Last week, Sanofi-Aventis (SNY) announced disappointing results from a phase III trial evaluating iniparib in breast cancer. The drug failed to improve survival and progression-free survival (PFS) in breast cancer patients and although actual data were not published, approval is unlikely even for a subset of patients.
Failed phase III trials are quite common in oncology, a field with one of the highest attrition rates in the pharmaceutical industry. Nevertheless, iniparib’s failure is particularly disturbing, as the phase III was supported by compelling results from a randomized controlled phase II trial as well as strong scientific rationale. Importantly, this trial could have broader implications as it raises questions regarding the role of randomized phase II trials as a go/no go decision point for pivotal trials.
The weakest link
Randomized phase II trials have become all the rage, hailed as the cure to the frustratingly low success rate in phase III cancer trials. Traditionally, oncology drugs have been evaluated in three phases. Phase I studies were typically dose escalation studies for evaluating safety and initial signs of efficacy in 20-30 patients. Phase II studies were intended for fine tuning the dosing regimen and obtaining a clear efficacy signal.

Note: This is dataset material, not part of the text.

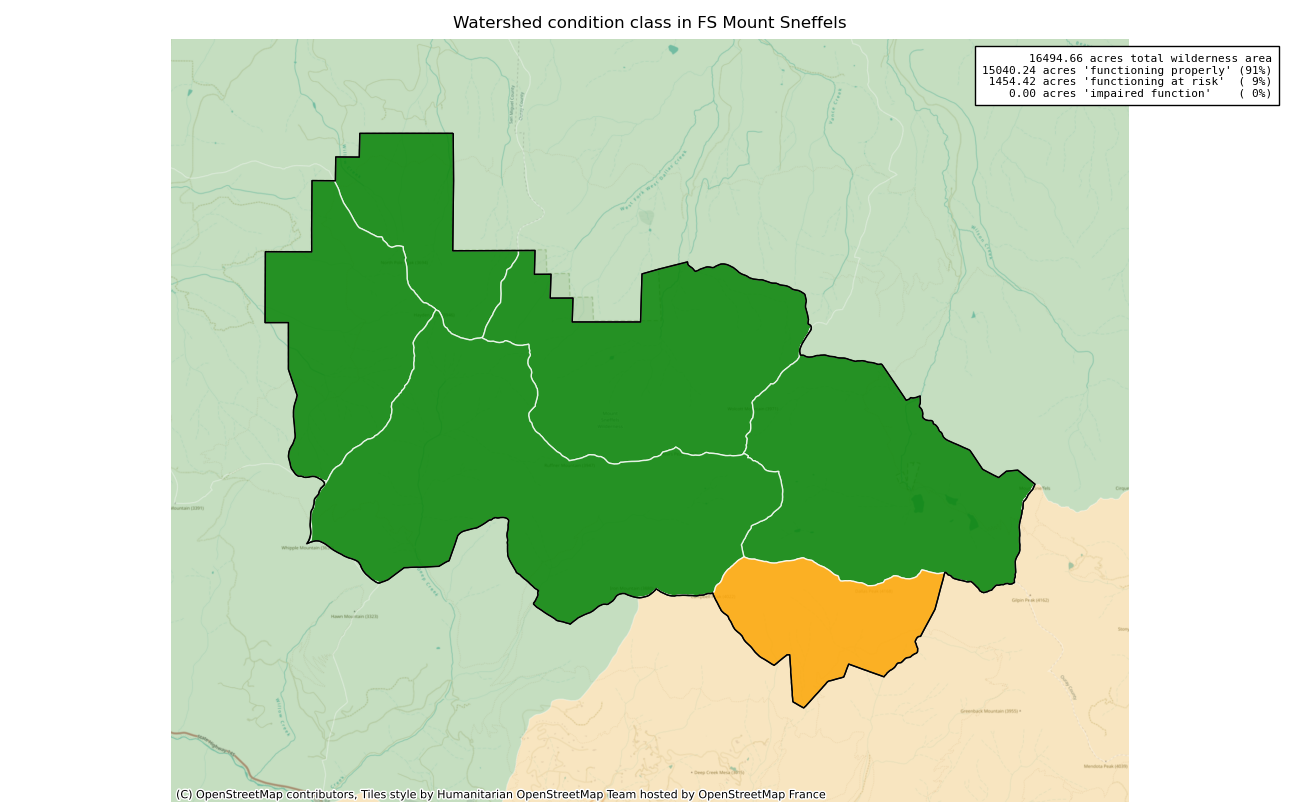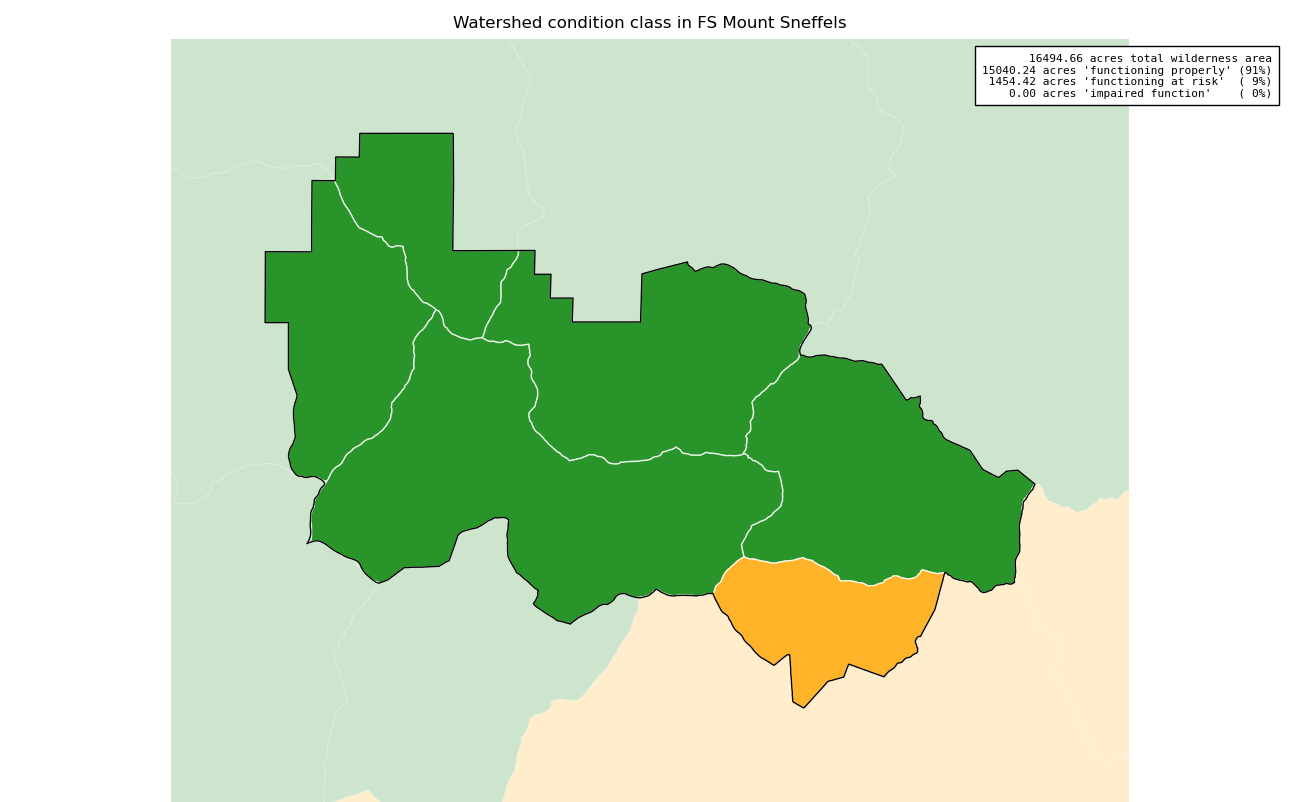 The Watershed Condition Class measure is intended to monitor changes in the watershed functions supporting aquatic ecosystems inside the wilderness. USFS Watershed Condition Class is derived from 12 different indicators -- water quality, water quantity, aquatic habitat, aquatic biota, roads and trails, soils, riparian/wetland vegetation, fire regime or wildfire, forest cover, rangeland vegetation, terrestrial invasive species, and forest health -- resulting in a single score describing watershed integrity for each watershed:

These single arm trials usually included 40-70 patients, all of whom received the drug. If the phase II data looked promising compared to historic controls, then a phase III trial would be initiated. Phase III trials typically accrue 400-800 patients (depending on the indication and statistical assumptions) and included a control arm on top of the active arm. The control arm can be an approved treatment or placebo.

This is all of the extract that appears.